The battery life thing is something I am still trying to get a solid handle on. I can't really say that I consistently get better mileage in ECO mode in every situation. There does seem to be a sweet spot with regards to cadence that seems to tax the motor/battery less, but I'm still trying to get that consistently figured out.



levity said:


> Issues: looking forward to being able to use the Mission Control App and having all the advertised features on the Blocks computer display.


The Mission Control capabilities on your 6.0 should be especially awesome. . . . . someday.

Thanks for the detailed write-up. Looking forward to more from you.


----------



## Giant Warp (Jun 11, 2009)

Nice pictures


----------



## levity (Oct 31, 2011)

A few more Vado pics, this time in the hills and valleys of California's central coast.

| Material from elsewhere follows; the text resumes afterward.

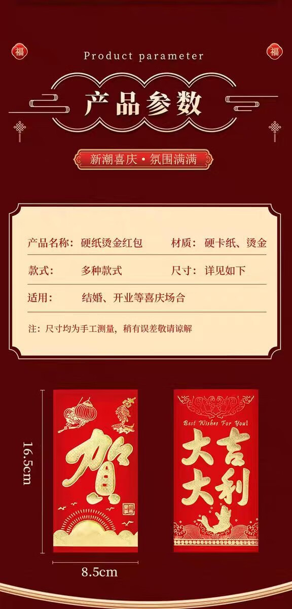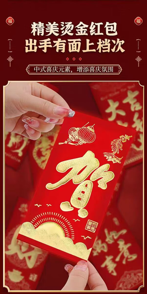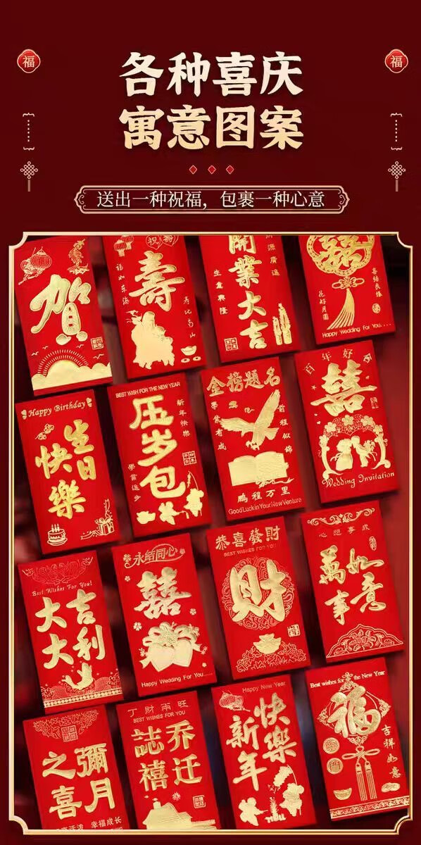新年红包蛇年春节压岁包开工利是压岁包千元封大吉大利高档通用袋 万事如意 6个(大号)百元可平放 大吉大利 12个(小号)百元折叠放

Figueroa Mtn road with poppies on hills in the background









View over the Santa Ynez Valley









Happy Valley Rd in Santa Ynez Valley









Chimney Rock Rd west of Paso Robles


----------



## Joshs475 (May 19, 2020)

That is awesome. Do you find that the weight dropped on the tires helps with battery life. Also, doesn't the front fender protect the motor. I would love to take mine off, but I was worried. Last thing. How do you like the shorter cranks, I find I hit the ground on tight turns if I try to pedal through them. Any guess on your cost for the tires, wheels and cranks?


----------